Top of Record set

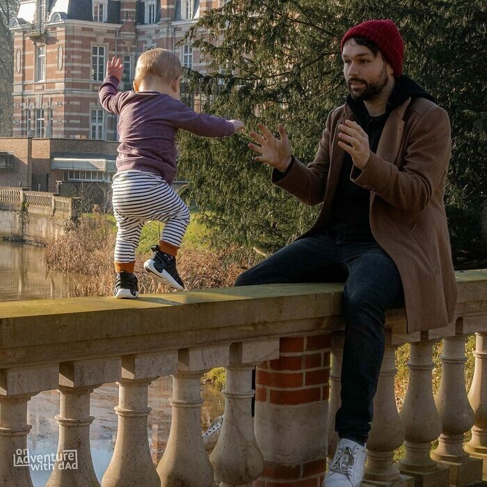 30. "Дочь делает первые шаги! Она счастлива тому, что может использовать обе ноги для ходьбы. Решил научить её ходить на этом прекрасном мосту. Главное - не смотреть вниз"
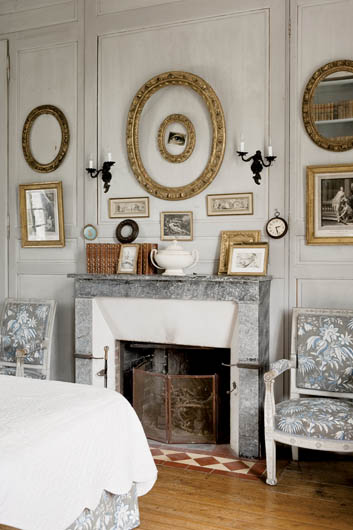 Dominującą w sypialni tkaninę Charles dobrał do oryginalnego potralu kominkowego z szarego marmuru.
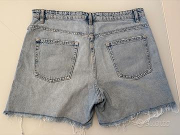 Vendo pantaloncini/shorts jeans donna Zara, celeste chiaro, taglia italiana 48. Con 5 tasche, sfrangiato. Usato. Ritiro a Roma in zona Conca d’Oro. No resi, no perditempo.
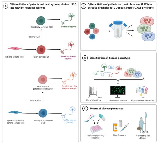 - Waite, A.J.; Millar, D.; Clarke, A. The Generation of an Induced Pluripotent Stem Cell Line (DCGi001-A) from an Individual with FOXG1 Syndrome Carrying the c.460dupG (p.Glu154fs) Variation in the FOXG1 Gene. Stem Cell Res. 2020, 49, 102018. [Google Scholar] [CrossRef]
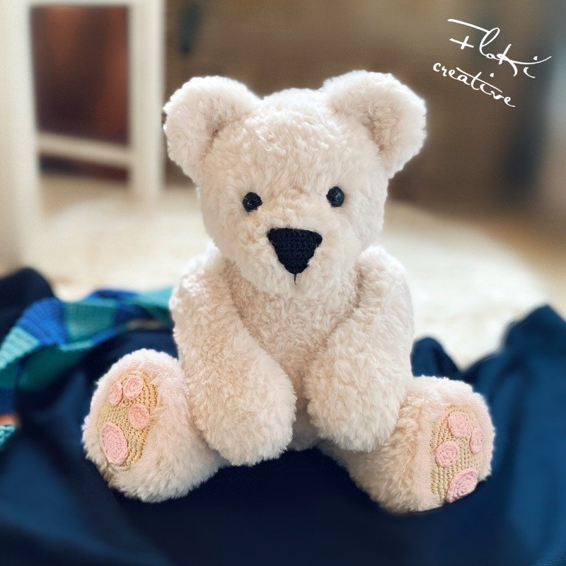 Das ist "Pia" ein Eisbär als Häkelanleitung auf deutsch. Du kannst natürlich auch ein Braunbär daraus zaubern :).
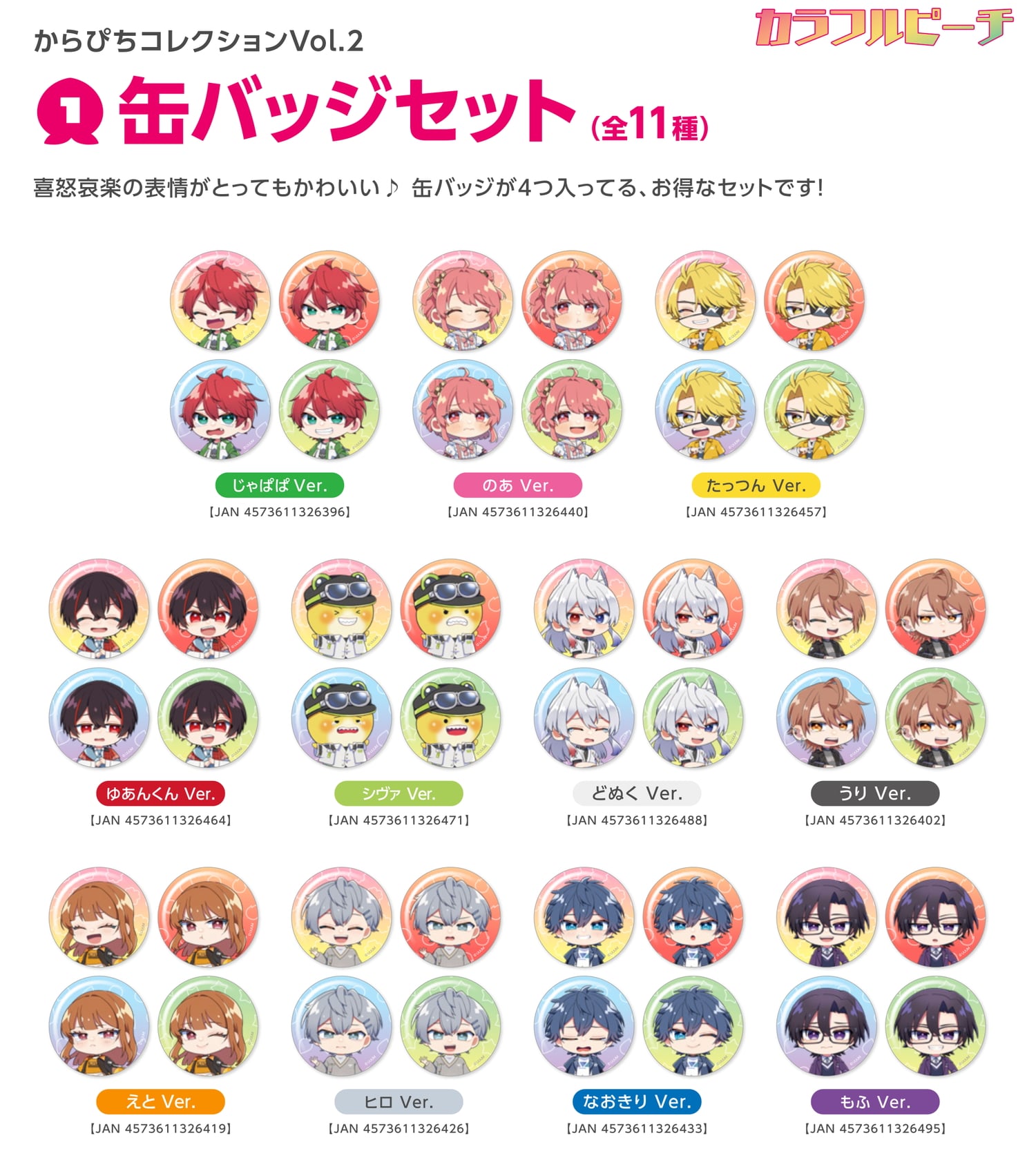 からぴちコレクションvol.2 缶バッジセット [全11種] 各1,600円(税込)
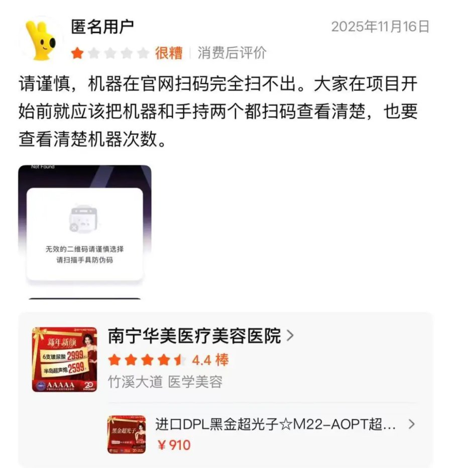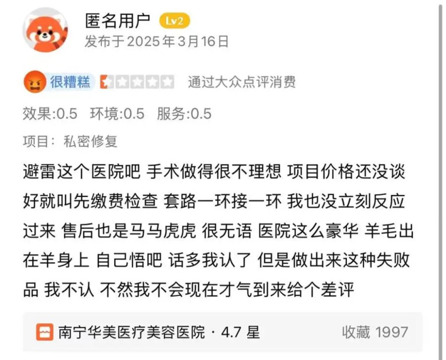 在大众点评等社交平台上,也有不少用户吐槽南宁华美医疗美容医院。
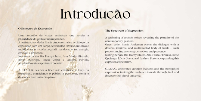 Exposição realizada entre os dias 07 de novembro a 18 de dezembro de 2024 no Centro de Artes Calouste Gulbenkian, do Rio de Janeiro RJ, com obras de seus alunos e professores realizados ao longo do ano. O evento reuniu ampla variedade de criações: pintura, esculturas, fotografias, moda, cerâmica e performances.

Bottom of Record set

The reply should hold the lines from the top of the records through the line containing "- Waite, A.J.;", reproduced exactly, and no pictures.

Reply to the task ▸
 30. "Дочь делает первые шаги! Она счастлива тому, что может использовать обе ноги для ходьбы. Решил научить её ходить на этом прекрасном мосту. Главное - не смотреть вниз"
 Dominującą w sypialni tkaninę Charles dobrał do oryginalnego potralu kominkowego z szarego marmuru.
 Vendo pantaloncini/shorts jeans donna Zara, celeste chiaro, taglia italiana 48. Con 5 tasche, sfrangiato. Usato. Ritiro a Roma in zona Conca d’Oro. No resi, no perditempo.
 - Waite, A.J.; Millar, D.; Clarke, A. The Generation of an Induced Pluripotent Stem Cell Line (DCGi001-A) from an Individual with FOXG1 Syndrome Carrying the c.460dupG (p.Glu154fs) Variation in the FOXG1 Gene. Stem Cell Res. 2020, 49, 102018. [Google Scholar] [CrossRef]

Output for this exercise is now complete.